It’s been less than 10 minutes since I’ve shut off all my electronics in the house and lay here on a sleeping bag in the middle of my living room floor. I think to myself “why have I not done this before?!” 10 minutes with no distractions is all it took for me to realize how much I’ve missed God lately and how much closer to Him I feel now just 10 minutes into this night.
I’ve been so consumed (more like overwhelmed) with all the prep work that needs to get done for this trip, that I wasn’t putting enough focus on my relationship with God, who happens to be the whole reason I’m going on this Race in the first place. And to top it off, I’ve been trying to shoulder most of this myself before going to Him, instead of going to God first and then doing what I can to meet Him part way.
All of this has left me feeling so overwhelmed and distant from God that I knew something needed to change.
As I lay here thinking about the times that I feel closer to God and the times that I don’t, I came up with my “trials” and “comfort zones”. Recently the biggest trial I have ever gone through has come to an end. I was so glad to be finished with that chapter of my life, but now looking back I can see what a blessing in disguise those two very long years were. During that period I went from being distraught and so alone to finding strength and hope in Christ. God was all that I had and every day I looked to Him to be my rock. Since then, I have moved back into my “comfort zone”, and what a distracted zone that is. I’ve spent so much time trying to catch up on everything I felt like I’d missed out on, getting so caught up in having a nice, happy life that I’ve once again forgotten to include God in my daily life.

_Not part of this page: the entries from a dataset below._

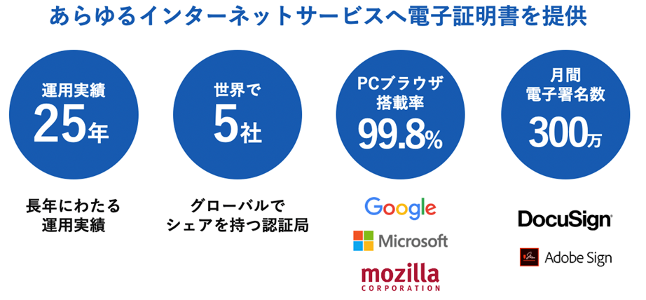 GMOグローバルサイン・HDとは、11万社の法人のサーバー運用実績、国内販売代理店 約6,700社の販売代理店を有するホスティング事業者であり、世界で5社しかないグローバルでシェアを持つ電子認証局の中で唯一の国産認証局「GlobalSign」を保有する老舗IT企業です。政府関連機関・大手企業をはじめ世界各国の企業・団体に電子証明書を導入しています。
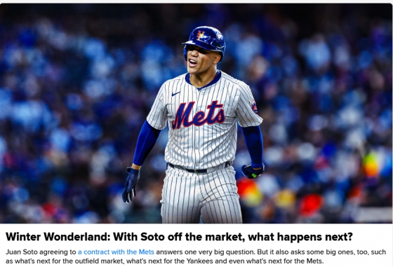 아직 뉴욕 메츠 구단의 공식 발표는 나오지 않은 상황. 만약 공식 발표가 나온다면 소토는 전 세계 스포츠를 통틀어 최고 몸값의 주인이 된다.
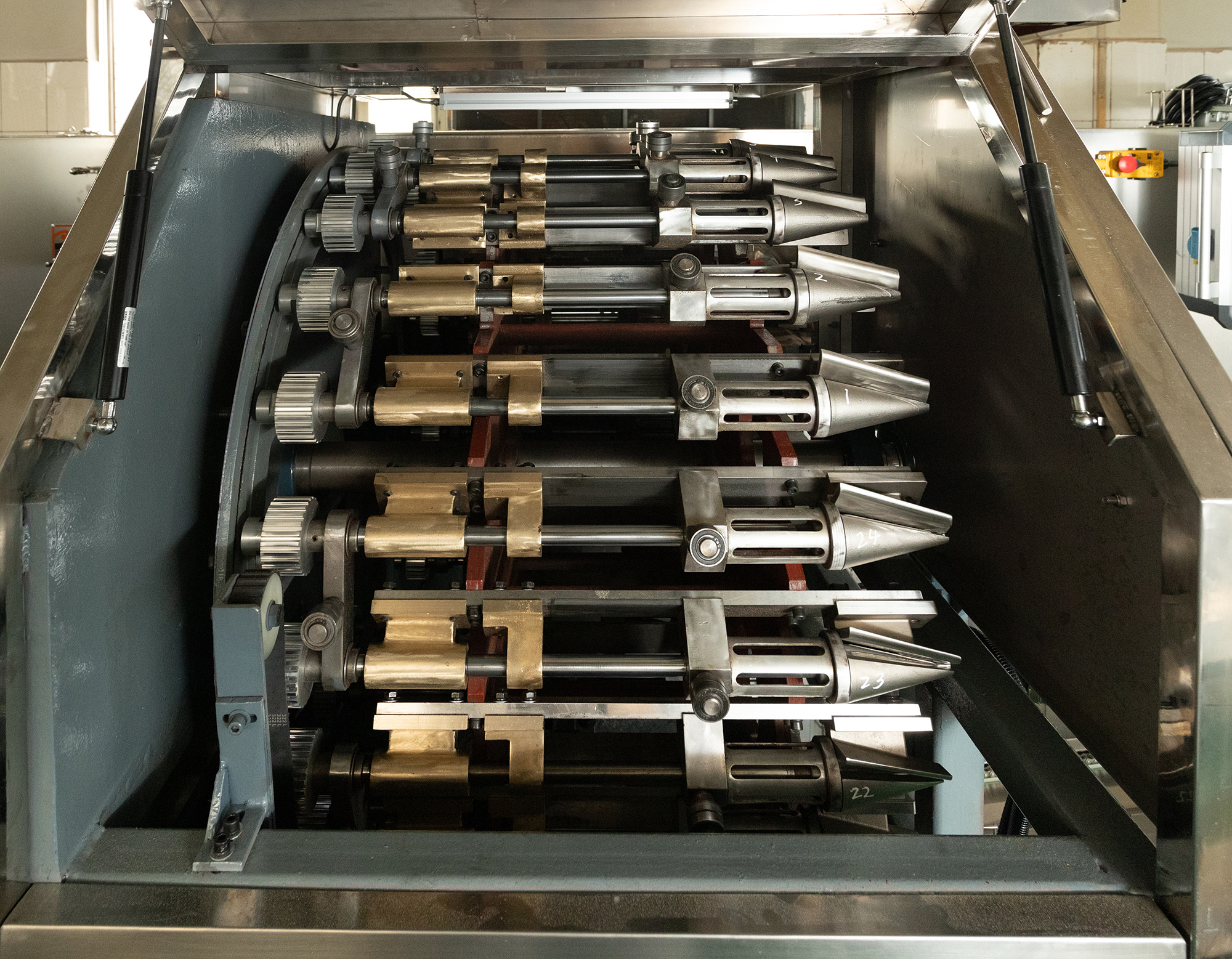 ZL200820189568.2)易使用和维修,通过弹簧可使 产品灵活排出,不管是平口甜筒还是自然边甜筒
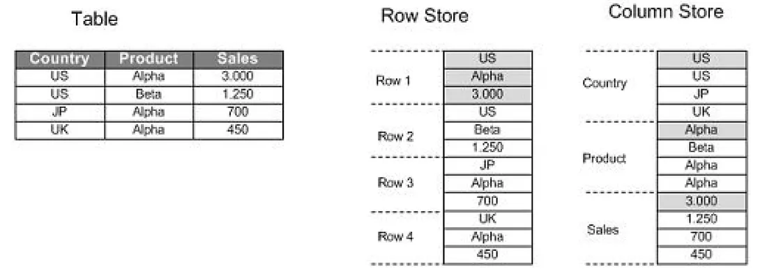 HANA同時可以支援 row based and column based的資料型態。row based的資料型態就如大家所知的table(一個有順序的紀錄資料表)。但以電腦的memory結構 來說column based的分析效能會比row based的效能來得更好,並且能夠比row based的資料提供更有效的資料壓縮,因為column based的資料性質要嘛不是一直重複要嘛就是相近的值,可參考下圖範例
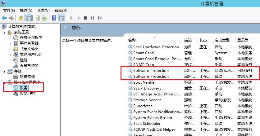 五、系统 software protection 服务未开启,此服务为软件保护服务,是激活和验证Windows需要的,计算机右键---弹出菜单选择“管理”---服务和应用程序---服务,右侧找到 software protection 服务,看此服务是否已开启,如图:
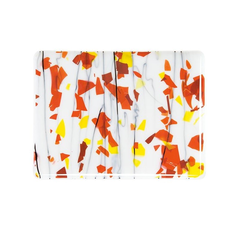 Mélange "Automne" : confettis oranges, jaunes et rouges avec spaghettis noirs sur verre semi transparent.
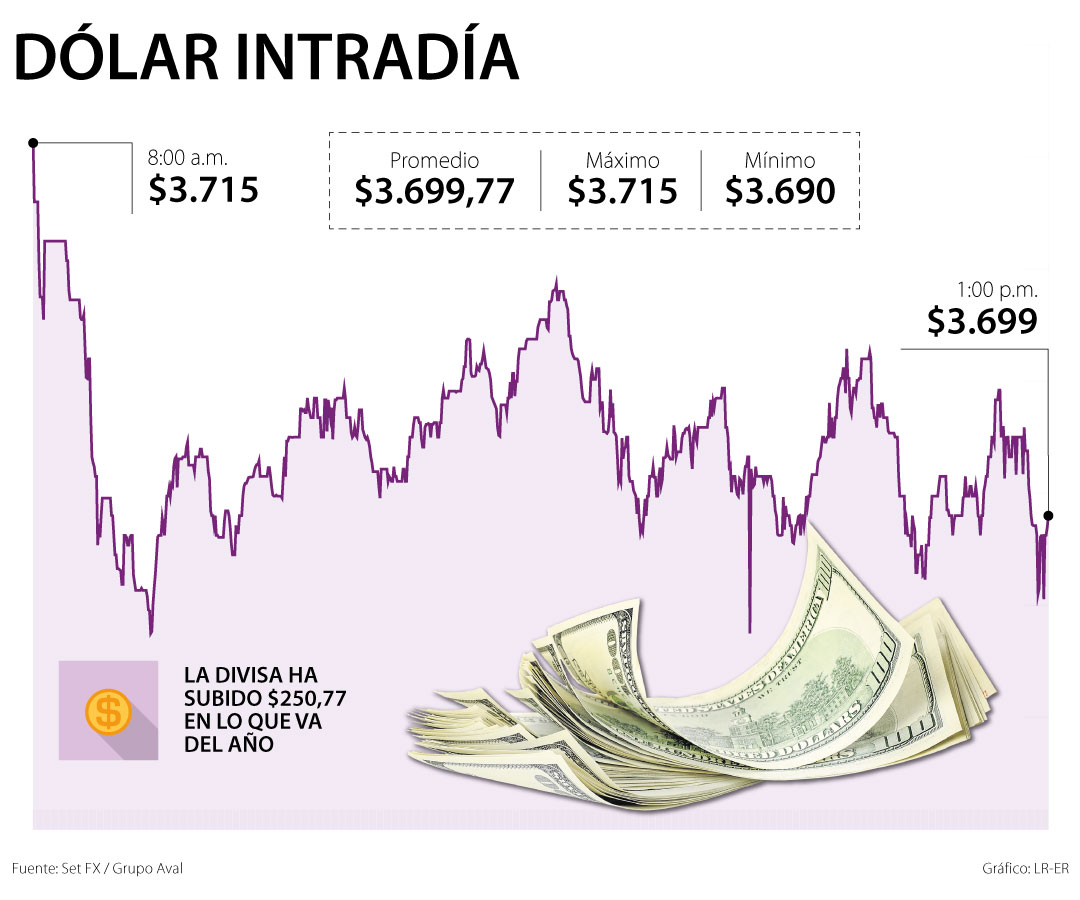 Ayer, el dólar abrió $8,43 por debajo de la Tasa Representativa del Mercado (TRM), que para la jornada se ubicó en $3.717,46. Al concluir la negociación, cerró en $3.699,77, tras caer $17,69 frente a la TRM, una cotización que está, nuevamente, por debajo de $3.700, luego de la escalada por encima de ese nivel que se registró el martes pasado.

I never ever EVER thought I’d be saying this, but I sort of miss my life being in such a major mess, if only because that’s when I felt closest to God. So, in an effort to draw closer to Him, I decided to put aside some of my comforts and distractions for the night like my phone, t.v., and even my bed.
During the middle of the night, I ended up getting sick. All I wanted to do was call this whole thing off early and go snuggle up with my comfortable things like my bed and a t.v. show to lull me back to sleep. One minor thing happened and I was already ready to throw in the towel. Really? Did I not just learn anything from this night? Oh wait, you’re right. This whole night was supposed to be about seeking God. So instead of curling up in my comfy bed, I sought comfort from the Lord as I crawled back into my sleeping bag on that very hard floor. And you know what? I felt more comfort in my heart than I know I would have if I’d chosen to revert back to my comfort zone just because things got a little hard and uncomfortable.
What I learned from last night is that when we find ourselves in less than desirable situations and choose to push through instead of turning back around, we will seek God more fervently to be our comfort and give us the strength we need to make it through because He promised He would never leave us nor forsake us. And when we find ourselves in a comfortable place we should remember who brought us there and what it took to get us to that place, instead of automatically sticking God on a back burner just because life seems easy at the moment.
If being uncomfortable is when I draw closest to God, then I pray that I always choose the uncomfortable situations rather than seeking comfort from something else.